My first instinct is to sign off on the move; after all, the last two times the Cardinals dipped into the East Asian pitching market, they got relative bargains in Seung-hwan Oh and Miles Mikolas. But I don’t want to call it a complete win right away. The Cardinals still have to justify the bargain.

The Cardinals will surely still, once terms are announced, be entering 2020 with a lower payroll than 2019. Kim is a fine replacement for Michael Wacha, a starting pitcher that the Cardinals very clearly had no interest in retaining. Baseball fans, not only but certainly not exempting Cardinals fans, have a tendency to dismiss moves smaller than their team signing Anthony Rendon, but those moves matter too. These moves matter. But this is still a team that had offensive struggles throughout 2019 that is losing one of its most effective hitters in Marcell Ozuna, to this point to be replaced with nothing.

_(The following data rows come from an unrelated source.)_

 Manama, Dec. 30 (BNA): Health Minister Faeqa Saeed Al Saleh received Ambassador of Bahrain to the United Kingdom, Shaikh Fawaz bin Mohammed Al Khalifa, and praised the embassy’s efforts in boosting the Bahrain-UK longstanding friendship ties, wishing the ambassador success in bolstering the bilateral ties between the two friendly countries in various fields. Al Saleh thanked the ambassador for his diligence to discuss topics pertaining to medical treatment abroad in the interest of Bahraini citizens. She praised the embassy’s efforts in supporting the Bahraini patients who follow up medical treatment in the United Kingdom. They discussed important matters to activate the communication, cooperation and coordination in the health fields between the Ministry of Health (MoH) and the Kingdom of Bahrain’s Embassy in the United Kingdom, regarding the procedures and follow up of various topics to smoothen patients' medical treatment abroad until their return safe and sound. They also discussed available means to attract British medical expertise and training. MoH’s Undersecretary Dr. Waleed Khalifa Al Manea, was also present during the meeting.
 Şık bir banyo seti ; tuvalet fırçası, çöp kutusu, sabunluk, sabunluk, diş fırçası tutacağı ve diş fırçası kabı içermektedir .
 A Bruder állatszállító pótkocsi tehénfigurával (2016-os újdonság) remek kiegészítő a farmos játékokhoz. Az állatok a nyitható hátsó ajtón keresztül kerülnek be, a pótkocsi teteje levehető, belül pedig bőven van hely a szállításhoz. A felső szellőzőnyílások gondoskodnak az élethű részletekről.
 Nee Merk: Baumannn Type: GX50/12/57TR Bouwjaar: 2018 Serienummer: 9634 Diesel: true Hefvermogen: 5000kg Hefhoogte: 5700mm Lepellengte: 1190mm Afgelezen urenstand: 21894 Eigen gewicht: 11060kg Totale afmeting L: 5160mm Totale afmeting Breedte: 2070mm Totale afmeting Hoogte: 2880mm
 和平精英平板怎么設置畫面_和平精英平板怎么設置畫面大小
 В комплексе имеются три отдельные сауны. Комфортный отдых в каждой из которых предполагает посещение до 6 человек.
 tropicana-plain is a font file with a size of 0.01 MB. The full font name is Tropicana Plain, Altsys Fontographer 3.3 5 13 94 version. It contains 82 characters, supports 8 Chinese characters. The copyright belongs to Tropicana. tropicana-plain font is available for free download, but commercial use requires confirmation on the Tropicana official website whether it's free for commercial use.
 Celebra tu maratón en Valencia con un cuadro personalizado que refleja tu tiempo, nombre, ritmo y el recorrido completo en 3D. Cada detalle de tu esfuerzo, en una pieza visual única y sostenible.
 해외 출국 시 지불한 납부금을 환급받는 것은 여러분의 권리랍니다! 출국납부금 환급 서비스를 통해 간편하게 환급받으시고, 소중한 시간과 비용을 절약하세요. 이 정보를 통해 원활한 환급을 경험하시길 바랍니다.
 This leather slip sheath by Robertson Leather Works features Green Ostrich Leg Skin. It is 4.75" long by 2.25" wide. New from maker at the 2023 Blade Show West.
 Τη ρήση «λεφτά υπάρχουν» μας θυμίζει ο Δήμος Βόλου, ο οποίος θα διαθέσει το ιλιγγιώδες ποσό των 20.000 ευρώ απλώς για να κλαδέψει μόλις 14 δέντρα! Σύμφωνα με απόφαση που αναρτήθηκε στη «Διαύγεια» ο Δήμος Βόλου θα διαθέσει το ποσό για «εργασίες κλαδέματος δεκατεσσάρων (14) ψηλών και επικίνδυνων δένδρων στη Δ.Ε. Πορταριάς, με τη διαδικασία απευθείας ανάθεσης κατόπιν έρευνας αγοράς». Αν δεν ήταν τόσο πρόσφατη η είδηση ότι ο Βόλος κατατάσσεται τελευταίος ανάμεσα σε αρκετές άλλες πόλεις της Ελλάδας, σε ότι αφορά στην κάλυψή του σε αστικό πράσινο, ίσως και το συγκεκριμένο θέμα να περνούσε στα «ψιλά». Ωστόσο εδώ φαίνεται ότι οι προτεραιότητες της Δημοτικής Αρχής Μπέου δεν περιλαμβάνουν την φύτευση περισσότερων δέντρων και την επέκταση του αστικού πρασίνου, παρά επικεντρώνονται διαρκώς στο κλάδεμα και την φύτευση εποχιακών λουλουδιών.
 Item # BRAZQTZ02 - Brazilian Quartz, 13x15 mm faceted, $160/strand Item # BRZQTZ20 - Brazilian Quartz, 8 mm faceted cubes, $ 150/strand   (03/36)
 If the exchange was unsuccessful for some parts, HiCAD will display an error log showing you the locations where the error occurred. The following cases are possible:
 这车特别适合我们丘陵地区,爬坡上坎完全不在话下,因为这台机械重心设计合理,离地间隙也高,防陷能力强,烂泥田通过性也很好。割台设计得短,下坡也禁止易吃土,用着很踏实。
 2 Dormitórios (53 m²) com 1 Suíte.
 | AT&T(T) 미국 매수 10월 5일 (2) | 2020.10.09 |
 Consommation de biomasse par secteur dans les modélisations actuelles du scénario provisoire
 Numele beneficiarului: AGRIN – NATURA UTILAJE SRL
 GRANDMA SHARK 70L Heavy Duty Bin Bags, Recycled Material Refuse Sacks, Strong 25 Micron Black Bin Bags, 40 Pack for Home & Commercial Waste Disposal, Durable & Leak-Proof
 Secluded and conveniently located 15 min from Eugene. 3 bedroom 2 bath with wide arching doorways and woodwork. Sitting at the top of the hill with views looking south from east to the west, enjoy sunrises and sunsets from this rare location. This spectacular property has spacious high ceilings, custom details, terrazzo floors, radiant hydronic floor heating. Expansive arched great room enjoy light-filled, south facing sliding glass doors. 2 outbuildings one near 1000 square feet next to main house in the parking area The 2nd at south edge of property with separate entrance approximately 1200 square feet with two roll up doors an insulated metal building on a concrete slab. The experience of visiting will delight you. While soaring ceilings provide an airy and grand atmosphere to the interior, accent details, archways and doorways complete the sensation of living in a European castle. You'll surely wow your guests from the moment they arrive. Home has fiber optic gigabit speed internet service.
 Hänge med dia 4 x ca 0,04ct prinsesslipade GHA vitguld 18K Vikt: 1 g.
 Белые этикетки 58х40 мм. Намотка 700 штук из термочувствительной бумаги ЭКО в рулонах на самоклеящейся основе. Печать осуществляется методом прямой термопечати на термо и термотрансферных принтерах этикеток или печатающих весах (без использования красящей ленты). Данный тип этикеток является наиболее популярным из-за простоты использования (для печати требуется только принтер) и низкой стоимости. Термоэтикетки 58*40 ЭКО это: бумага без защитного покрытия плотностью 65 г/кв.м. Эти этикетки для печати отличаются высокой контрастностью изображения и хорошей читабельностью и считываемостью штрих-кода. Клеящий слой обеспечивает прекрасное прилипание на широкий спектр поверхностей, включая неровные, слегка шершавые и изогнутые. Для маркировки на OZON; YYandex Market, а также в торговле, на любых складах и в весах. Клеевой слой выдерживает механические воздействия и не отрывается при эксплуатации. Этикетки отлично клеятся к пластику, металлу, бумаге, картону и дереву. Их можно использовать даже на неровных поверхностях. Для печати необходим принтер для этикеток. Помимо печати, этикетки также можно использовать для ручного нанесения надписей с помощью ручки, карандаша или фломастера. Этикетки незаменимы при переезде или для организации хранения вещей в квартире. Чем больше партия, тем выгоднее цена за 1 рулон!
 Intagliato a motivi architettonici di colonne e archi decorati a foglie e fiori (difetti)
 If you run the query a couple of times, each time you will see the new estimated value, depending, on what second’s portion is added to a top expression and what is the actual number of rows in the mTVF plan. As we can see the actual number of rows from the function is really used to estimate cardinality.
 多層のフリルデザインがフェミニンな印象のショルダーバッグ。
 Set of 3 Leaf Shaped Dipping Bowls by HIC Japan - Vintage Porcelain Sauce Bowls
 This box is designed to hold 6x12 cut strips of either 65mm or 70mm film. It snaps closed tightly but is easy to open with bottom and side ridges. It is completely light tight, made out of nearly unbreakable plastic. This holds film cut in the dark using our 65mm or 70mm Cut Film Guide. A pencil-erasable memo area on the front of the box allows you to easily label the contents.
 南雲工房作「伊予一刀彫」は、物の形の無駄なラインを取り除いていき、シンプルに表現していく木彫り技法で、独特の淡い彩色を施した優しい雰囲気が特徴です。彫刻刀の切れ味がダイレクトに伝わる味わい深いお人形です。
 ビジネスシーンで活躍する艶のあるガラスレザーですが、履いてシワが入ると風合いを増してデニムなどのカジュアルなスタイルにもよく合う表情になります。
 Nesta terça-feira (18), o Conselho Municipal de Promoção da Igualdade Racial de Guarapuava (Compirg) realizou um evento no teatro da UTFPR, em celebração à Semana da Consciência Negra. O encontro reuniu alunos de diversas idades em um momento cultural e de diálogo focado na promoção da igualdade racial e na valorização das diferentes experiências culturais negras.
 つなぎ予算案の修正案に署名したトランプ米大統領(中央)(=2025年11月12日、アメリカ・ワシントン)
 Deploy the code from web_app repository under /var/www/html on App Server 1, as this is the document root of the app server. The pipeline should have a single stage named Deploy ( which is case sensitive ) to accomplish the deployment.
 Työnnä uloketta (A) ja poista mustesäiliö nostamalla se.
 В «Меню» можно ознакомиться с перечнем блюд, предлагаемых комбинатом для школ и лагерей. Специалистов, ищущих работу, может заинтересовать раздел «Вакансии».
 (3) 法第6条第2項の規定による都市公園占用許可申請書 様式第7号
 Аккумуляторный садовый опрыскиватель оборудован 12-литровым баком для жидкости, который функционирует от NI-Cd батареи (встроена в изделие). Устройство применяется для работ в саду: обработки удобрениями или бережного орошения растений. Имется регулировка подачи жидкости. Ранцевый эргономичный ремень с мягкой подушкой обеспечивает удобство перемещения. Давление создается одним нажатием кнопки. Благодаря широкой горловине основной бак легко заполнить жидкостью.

I have mixed feelings on hypothetically re-signing Marcell Ozuna, but that isn’t because I don’t think Marcell Ozuna is better than the guy who will be replacing him—it is because I think there are probably better ways to spend the money that the Cardinals would be spending on his salary. But to this point, the Cardinals haven’t reallocated that money. And truthfully, I’m not sure who to blame for that. Yelling at John Mozeliak, an easy target for the extremely scientific reason of “he looks like a giant nerd”, is the fashionable route, but usually, this falls on the owner. But regardless, the Cardinals haven’t done enough for 2020 for me to feel comfortable in this team to repeat as NL Central champs, much less credibly contend for the World Series.